Reputation: 143
I am running a CCA of some ecological data with ~50 sites and several hundred species. I know that you have to be careful when your number of explanatory variables approaches your number of samples. I have 23 explanatory variables, so this isn't a problem for me, but I have also heard that using too many explanatory variables can start to "un-constrain" the CCA.

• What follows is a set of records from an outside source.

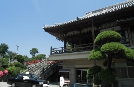 <駐車場から見た本堂>山なので斜面の上にある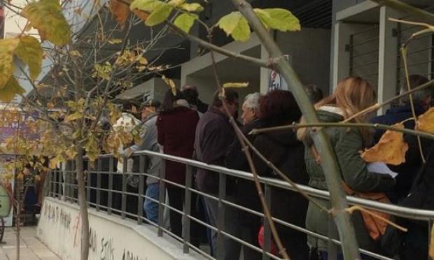 Με μία μόλις ταμία, η «ουρά» προχωρούσε σημειωτόν. Το εσωτερικό του κτιρίου ήταν γεμάτο, ενώ έξω από τις κλειστές πόρτες που λειτουργούν με σύστημα ελεγχόμενης εισόδου- εξόδου, περίμεναν μέσα στο κρύο, δεκάδες.
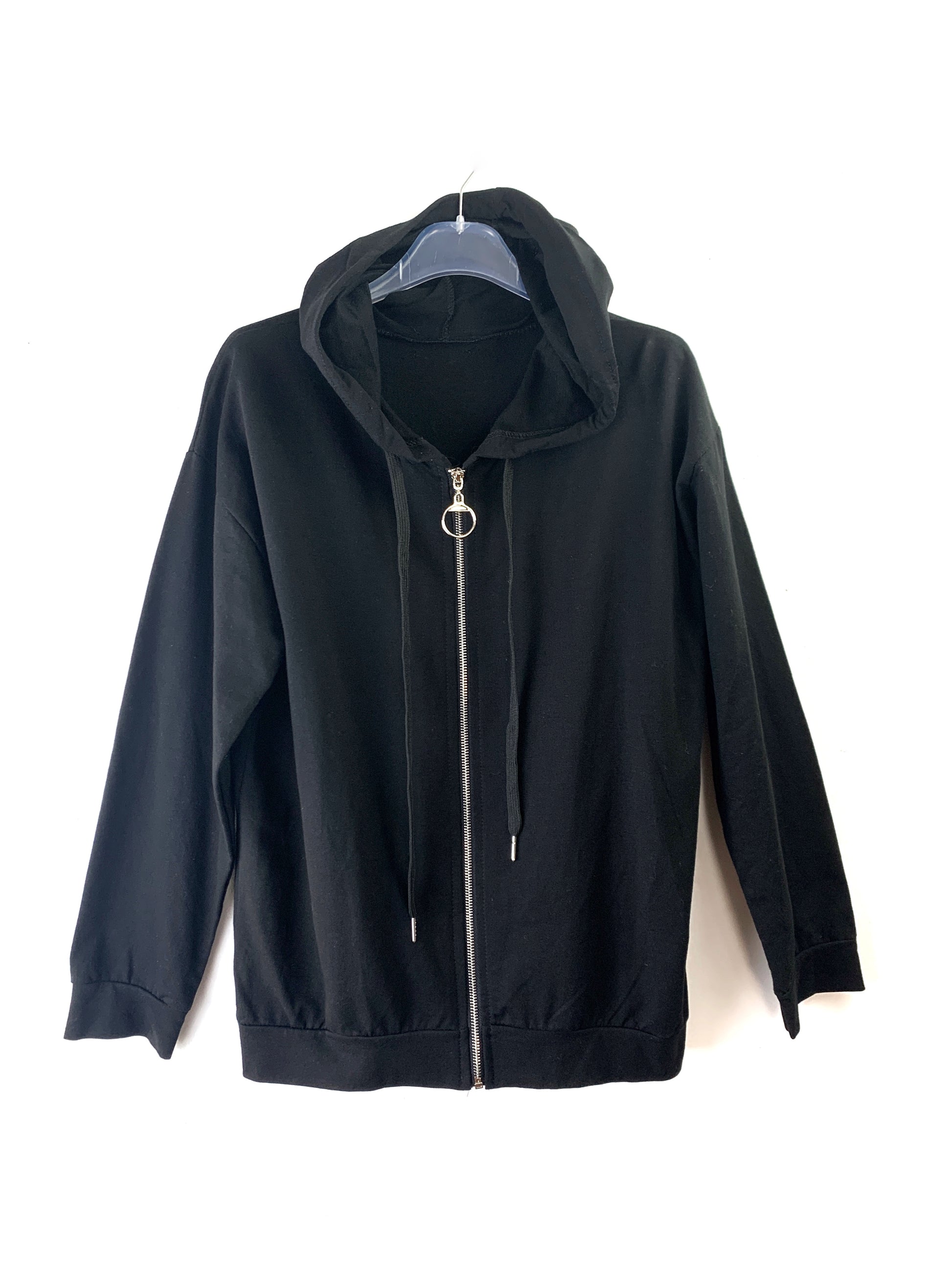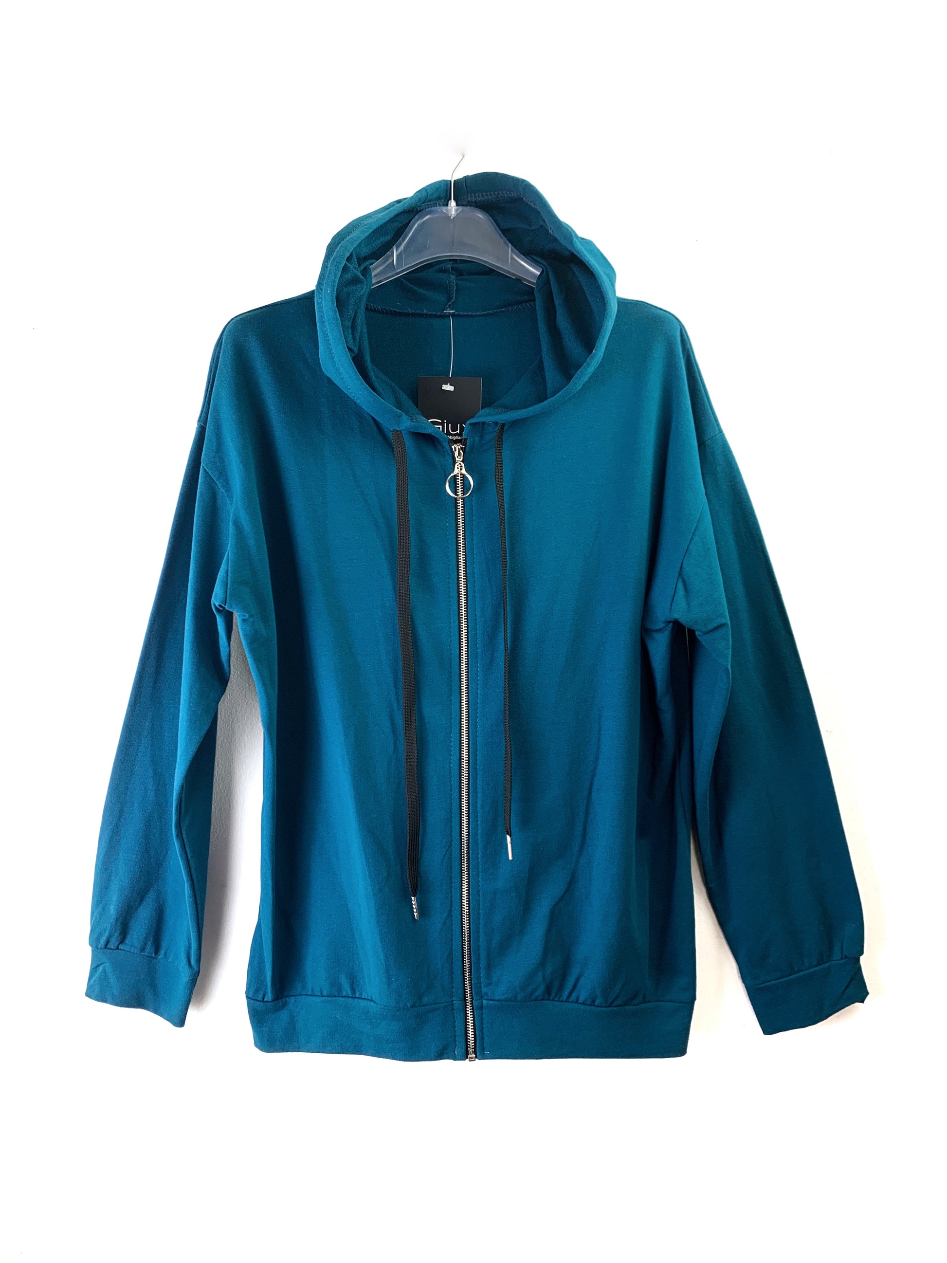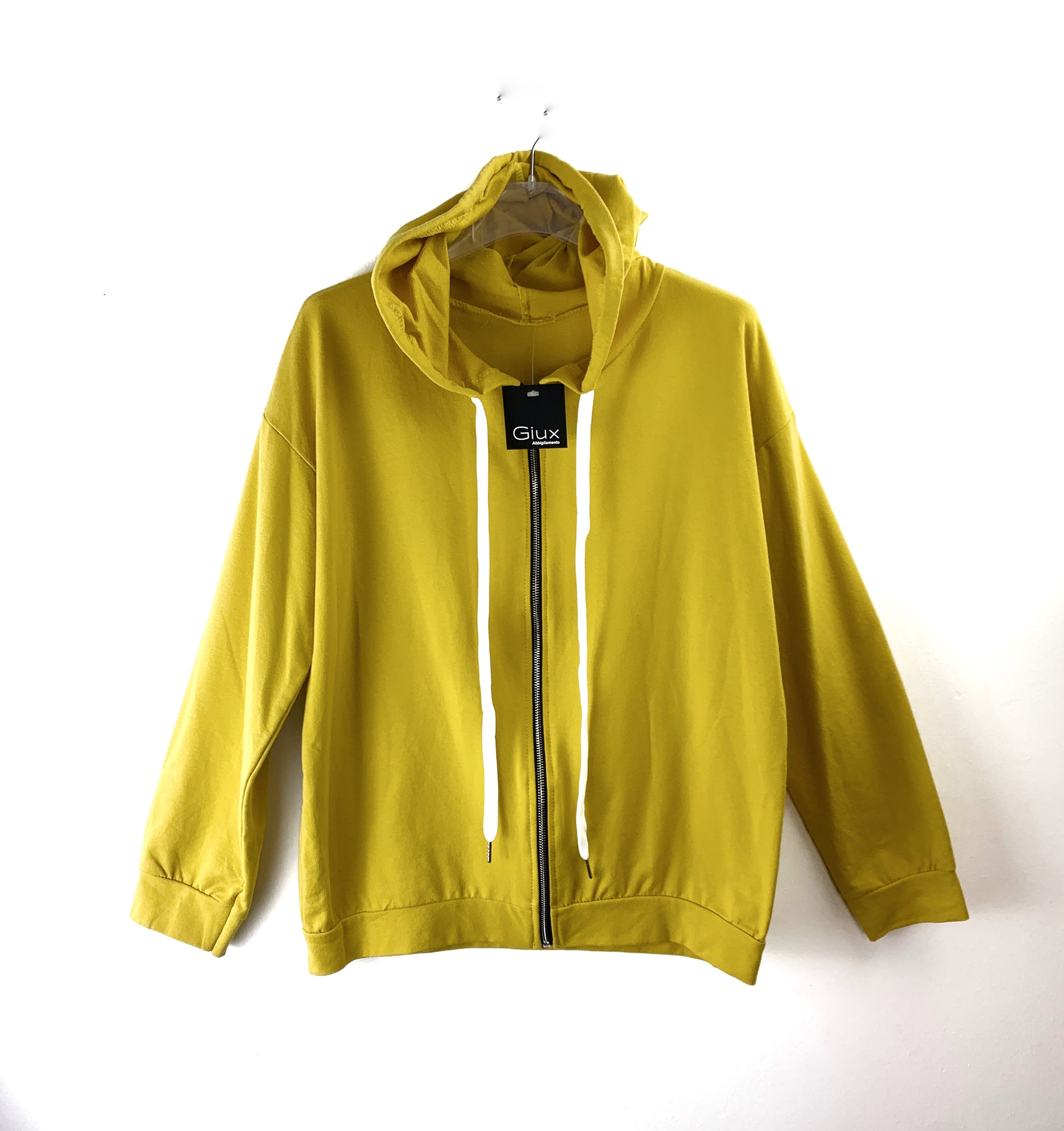 Felpa in morbido cotone garzato. Con cerniera. Cappuccio con coulisse. Spalle ribassate.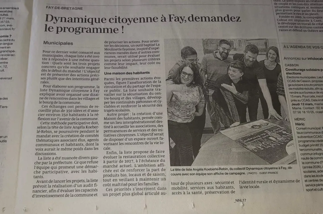 Et (re)découvrez notre démarche, nos priorités pour Fay-de-bretagne et nos propositions relayées dans la presse :
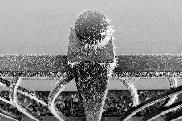 Солнце с каждым днём опускается всё ниже, и наступает момент, когда температура остаётся отрицательной круглые сутки. На реке появляется шуга – каша из кристаллов льда и воды, а вдоль берегов уже настоящий молодой лёд, на котором вырастают «цветы» инея (рис. 9). Иней уже и днём висит на кистях рябины и на ограде набережной реки (рис. 10, 11).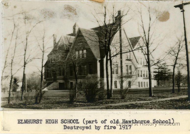 on front: Elmhurst High School (part of old Hawthorne School) Destroyed by fire 1917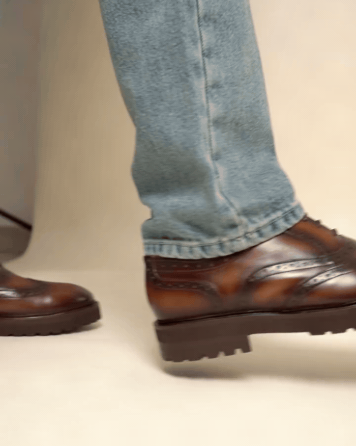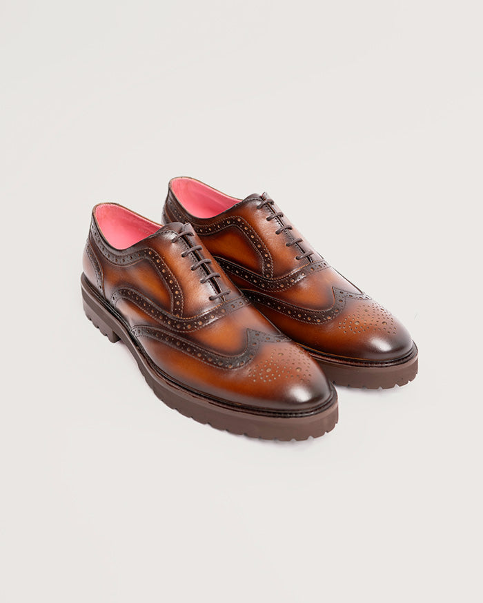 Una silueta clásica redefinida con mayor precisión. Este oxford de inspiración brogue evoluciona con proporciones más actuales y una suela de carácter que refuerza su presencia.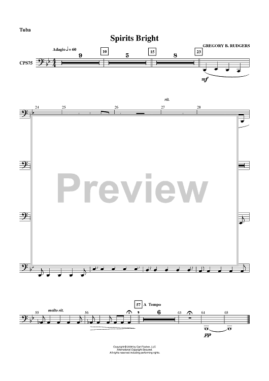 "Spirits Bright - Tuba" Sheet Music by Gregory B. Rudgers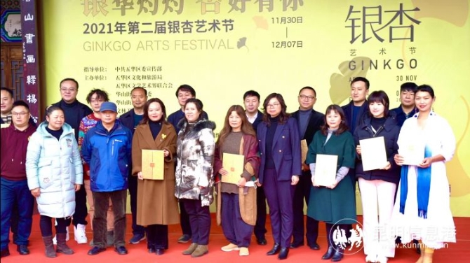 本屆銀杏藝術(shù)節(jié)由中共五華區(qū)委宣傳部指導(dǎo),五華區(qū)文化和旅游局、五華區(qū)文學(xué)藝術(shù)界聯(lián)合會、華山街道黨工委、華山街道辦事處主辦,文林美術(shù)館承辦,酣客酒業(yè)(云南)有限公司、黨建+翠湖文旅產(chǎn)業(yè)聯(lián)盟、翠湖公園和昆明市新的社會階層人士自由職業(yè)及社會組織專聯(lián)會協(xié)辦。中共五華區(qū)委常委、區(qū)委統(tǒng)戰(zhàn)部部長李正興、華山街道黨工委書記付敏、云南省人民政府辦公廳工會主席陳永惠、云南大學(xué)東陸校區(qū)綜合管理服務(wù)中心副主任王偉志、云南陸軍講武堂歷史博物館館長楊俊、五華區(qū)文化和旅游局副局長朱娜、翠湖公園黨支部書記廖利新、翠湖公園管理處主任郭宏偉、云南陽光事達(dá)集團(tuán)總裁、酣客酒業(yè)(云南)有限公司總經(jīng)理陳紹兵等領(lǐng)導(dǎo)出席了本次活動開幕式。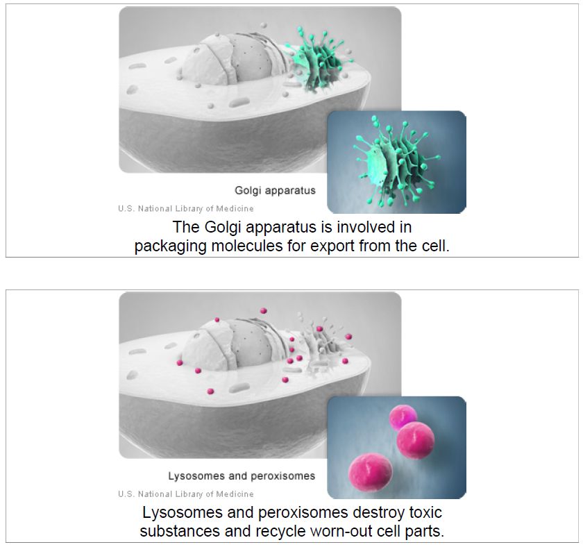 These organelles (image on page 8) are the recycling center of the cell. They digest foreign bacteria that invade the cell, rid the cell of toxic substances, and recycle worn-out cell components.
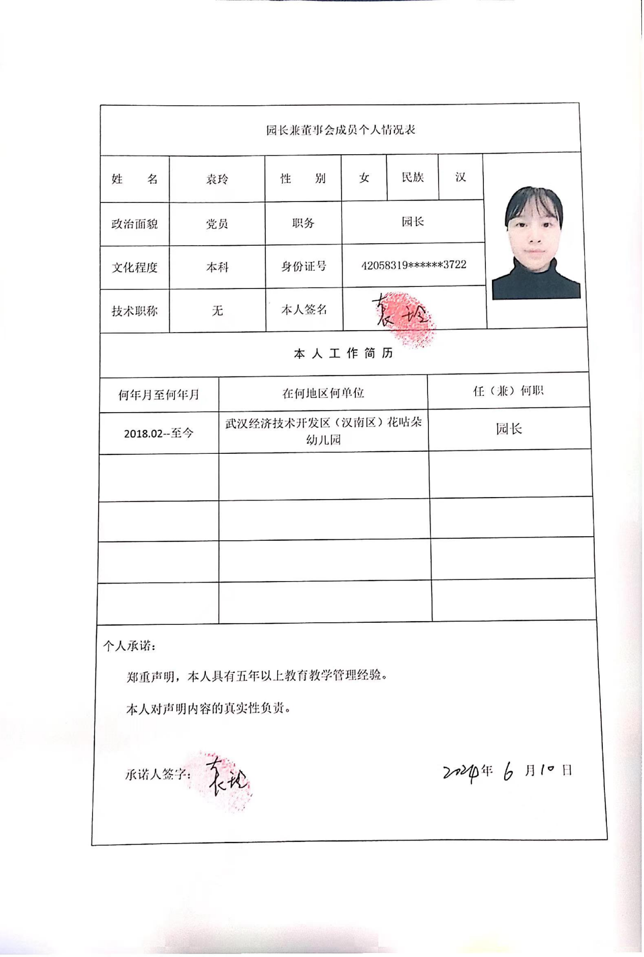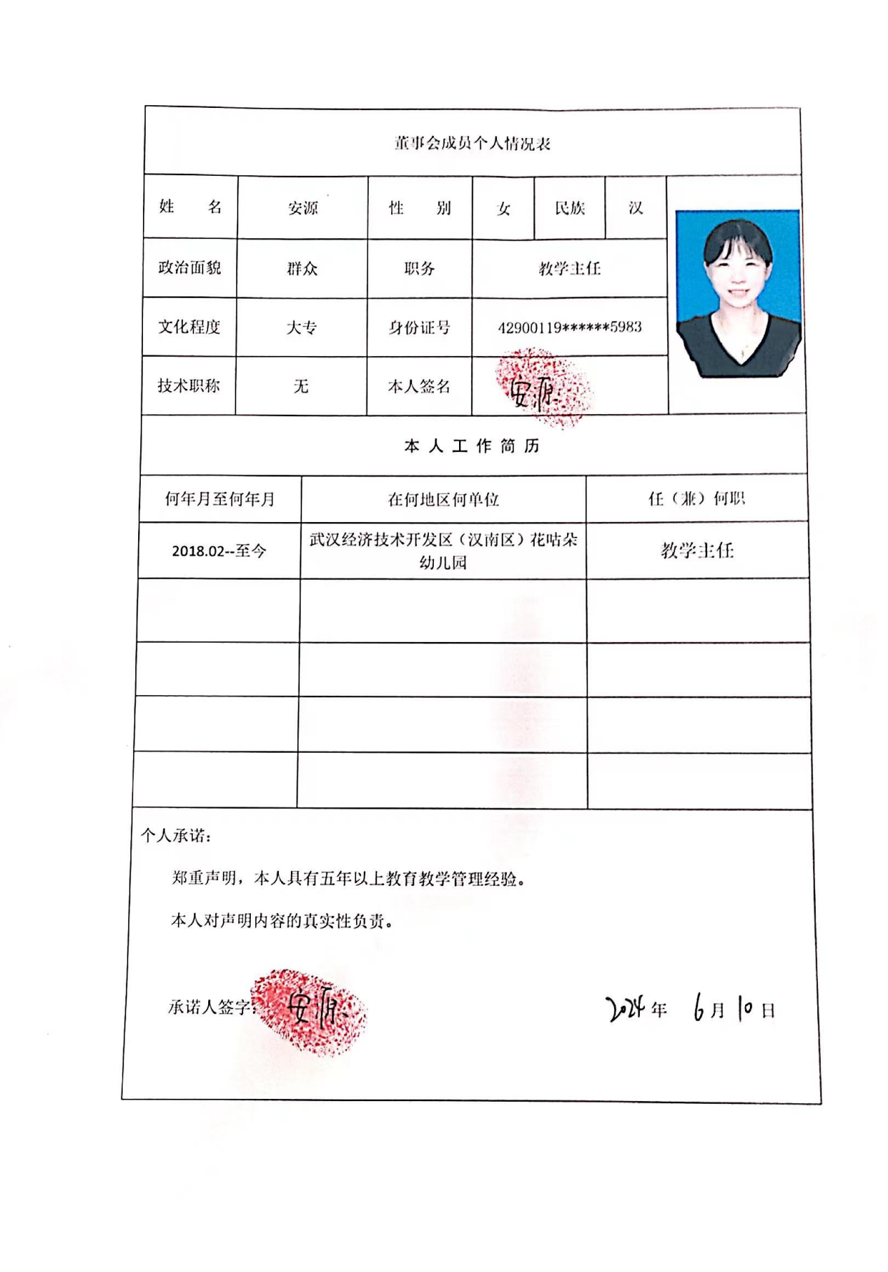 根据《中华人民共和国民办教育促进法》第二十一条之规定:学校理事会或者董事会由举办者或者其代表、校长、教职工代表等人员组成。其中三分之一以上的理事或者董事应当具有五年以上教育教学经验。因武汉经济技术开发区(汉南区)花咕朵幼儿园需办理《中华人民共和国办学许可证》,现将董(理)事会成员安源(身份证号:42122219******1224)、董(理)事会成员兼校长袁玲(身份证号:42058319******3722)的个人教育教学经验简历进行公示。

Are there any guidelines about how many explanatory variables is appropriate? So far, I have just plotted them all and then removed the ones that appear to be redundant (leaving me with 8). Can I use the intertia values to help inform/justify this?
Thanks
Upvotes: 0
Views: 768
Reputation: 3722
This is the same question as asking "how many variables are too many for regression analysis?". Not "almost the same", but exactly the same: CCA is an ordination of fitted values of linear regression. In most severe cases you can over-fit. In CCA this is evident when the first eigenvalues of CCA and (unconstrained) CA are almost identical and the ordinations look similar in first dimensions (you can use Procrustes analysis to check this). Extreme case would be that residual variation disappears, but in ordination you focus on first dimensions, and there the constraints can get lost much earlier than in later constrained axes or in residuals. More importantly: you must see CCA as a kind of regression analysis and have the same attitude to constraints as to explanatory (independent) variables in regression. If you have no prior hypothesis to study, you have all the problems of model selection of regression analysis plus the problems of multivariate ordination, but these are non-technical problems that should be handled somewhere else than in stackoverflow.
Upvotes: 2